Records from a data source:
----------------
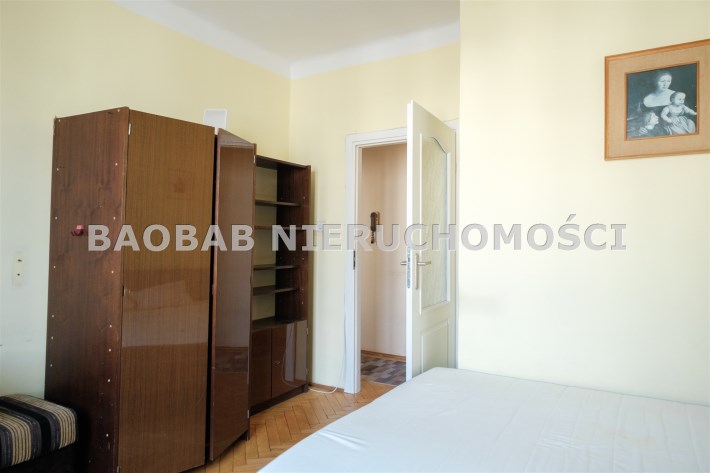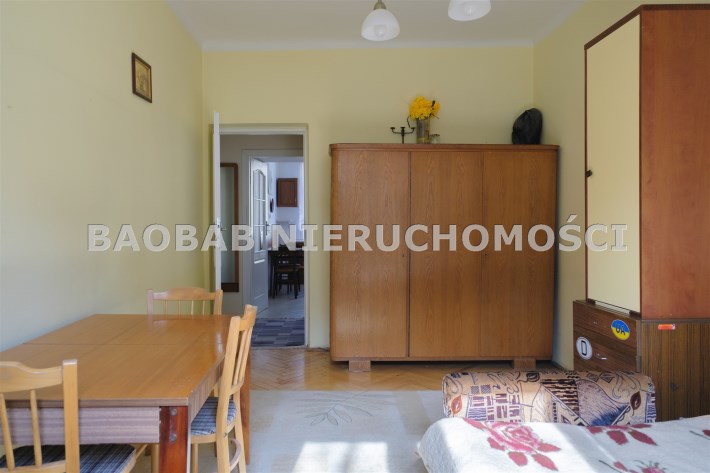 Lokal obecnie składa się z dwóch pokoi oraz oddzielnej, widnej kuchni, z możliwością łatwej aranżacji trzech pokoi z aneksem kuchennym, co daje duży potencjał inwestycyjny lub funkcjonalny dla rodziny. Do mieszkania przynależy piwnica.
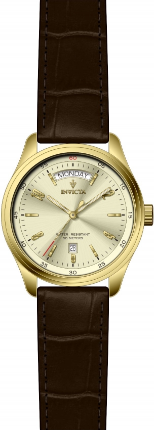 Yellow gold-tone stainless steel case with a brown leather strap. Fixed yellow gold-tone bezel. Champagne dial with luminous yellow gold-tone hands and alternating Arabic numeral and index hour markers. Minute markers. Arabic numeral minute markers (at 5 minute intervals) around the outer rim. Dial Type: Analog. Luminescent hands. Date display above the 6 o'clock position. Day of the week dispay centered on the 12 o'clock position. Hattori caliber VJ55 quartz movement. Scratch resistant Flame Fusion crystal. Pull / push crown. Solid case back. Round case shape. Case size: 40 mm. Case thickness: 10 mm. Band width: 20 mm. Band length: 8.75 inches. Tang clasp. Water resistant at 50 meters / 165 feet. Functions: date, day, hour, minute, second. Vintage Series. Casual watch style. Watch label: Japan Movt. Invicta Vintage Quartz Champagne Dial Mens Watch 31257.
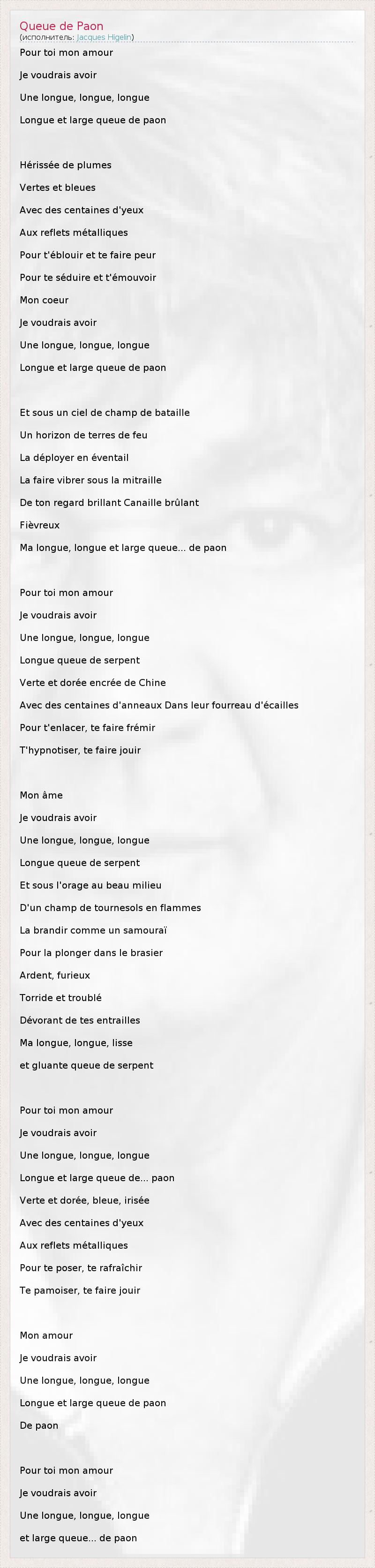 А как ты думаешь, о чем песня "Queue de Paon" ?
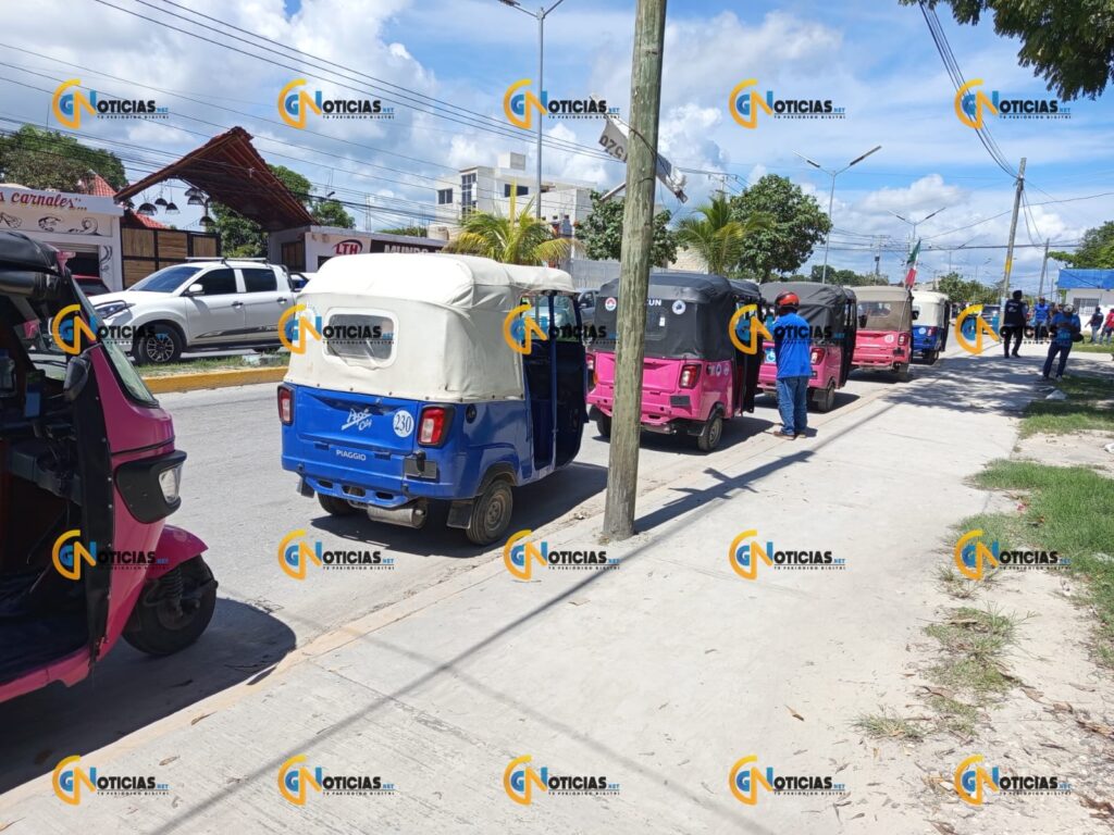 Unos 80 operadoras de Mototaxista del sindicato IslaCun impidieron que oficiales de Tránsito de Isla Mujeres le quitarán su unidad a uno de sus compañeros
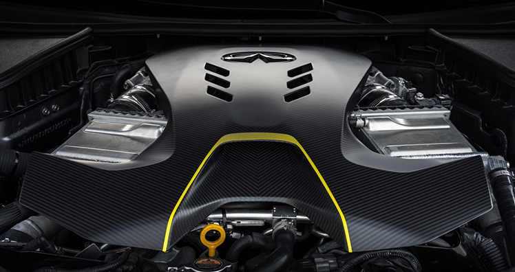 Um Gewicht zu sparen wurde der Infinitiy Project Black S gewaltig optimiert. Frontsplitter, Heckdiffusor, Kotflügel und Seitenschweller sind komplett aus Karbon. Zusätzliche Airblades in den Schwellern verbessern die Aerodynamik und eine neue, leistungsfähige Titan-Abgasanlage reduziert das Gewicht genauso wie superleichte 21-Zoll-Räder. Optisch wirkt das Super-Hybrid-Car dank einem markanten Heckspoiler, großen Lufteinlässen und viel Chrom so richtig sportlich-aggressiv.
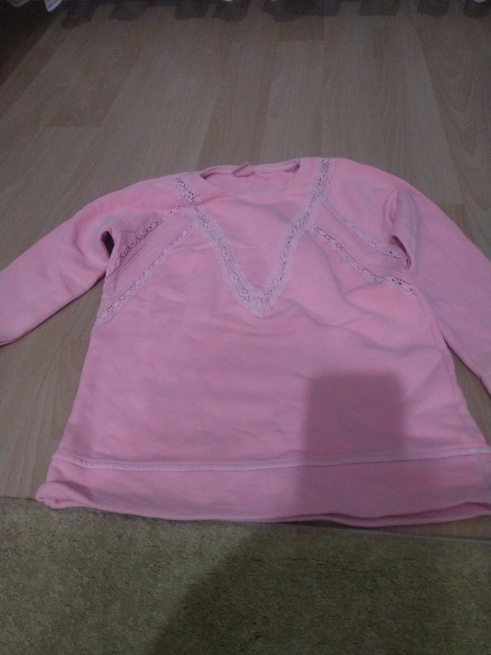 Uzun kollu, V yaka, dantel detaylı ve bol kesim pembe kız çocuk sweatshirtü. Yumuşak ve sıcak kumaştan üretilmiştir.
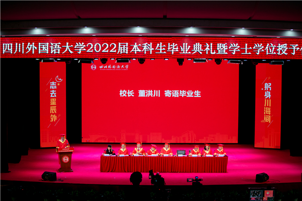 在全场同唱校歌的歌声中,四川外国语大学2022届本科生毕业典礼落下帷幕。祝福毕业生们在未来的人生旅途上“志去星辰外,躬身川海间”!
----------------
▶ _Description of the task_
The lines to copy exactly start with the line above that has "А как ты думаешь, о" and go on through the line that has "Unos 80 operadoras"; please include both, add nothing else, and omit the pictures.

▶ _Task result_
 А как ты думаешь, о чем песня "Queue de Paon" ?
 Unos 80 operadoras de Mototaxista del sindicato IslaCun impidieron que oficiales de Tránsito de Isla Mujeres le quitarán su unidad a uno de sus compañeros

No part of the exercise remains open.